Brookview Station Winerylocated at Goold Orchards, a 3rd generation farm, was established in 2006. Their 2011 Frontenac is a light and easy drinking wine, with plenty of juicy red fruit and ripe plum, and spicy notes on the finish. Quite tasty.

Some of the most unusual wines at TasteCamp were from Pazdar Winery, and though some attendees may disagree, I think the winery deserves recognition for their creations.

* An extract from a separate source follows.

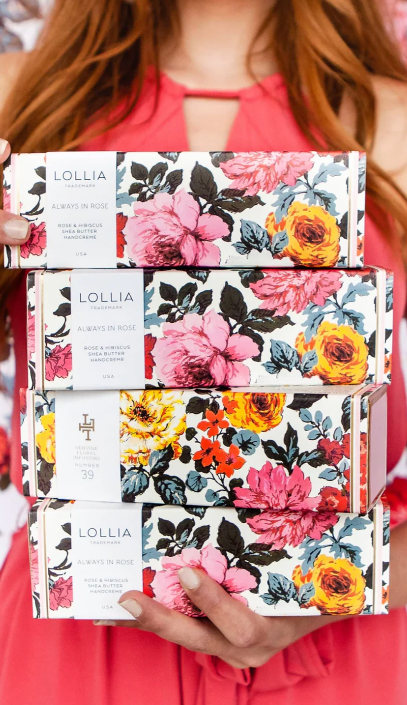 Lollia's luxurious Always in Rose Petite Treat Handcreme, brimming with moisture-rich extracts, is just the right size to tuck away when you’re on the go. Soothing Macadamia Nut and Avocado Oils are blended to comfort skin as hydrating extracts of Aloe and Shea Butter lightly moisturize. Delicate infusions of blushing Rose, Hibiscus & warm Amber leave skin deliciously fresh.
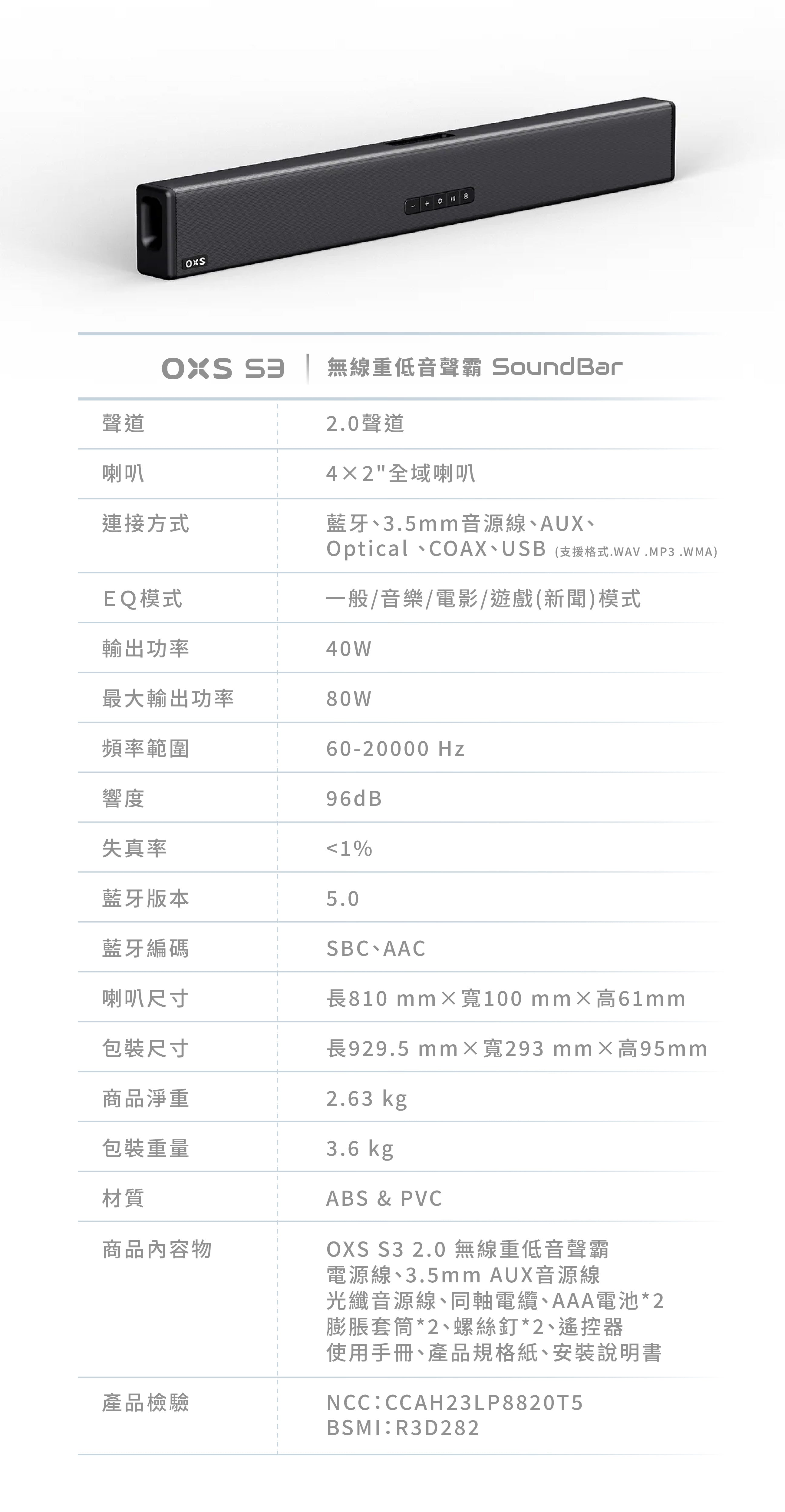 【OXS】S3 無線重低音 SoundBar

They create fruit wines, chocolate wines, sweet wines, hot pepper wines and more. In some ways, they are doing what craft beer producers have been doing for years. Though it might seem easy to dismiss them, you really need to taste some of what they make. These are wines made with natural flavors, from cocoa he grinds himself to habaneros from his garden. They lack any artificial taste, which plagues similar products from other producers.

The Eden's Pleasure is supposed to have been the first commercially produced chocolate wine in the world; It is a blend of white wine and natural flavors, and has an alluring nose of strong cocoa. On the palate, it has a tasty chocolate flavor, with hints of banana, and surprised me with its quality. Frankly, it is the best chocolate wine I think I've ever tasted, and I'm sure it would appeal to many consumers.
The Chocolata Amor is made from red wine, chocolate and spice, and is based on an ancient Aztec recipe. It takes like Mexican Hot chocolate with its spices and hints of red berries. Another interesting chocolate wine. The Hot Sin is a sweet dessert wine with s spicy kick and strong cinnamon notes.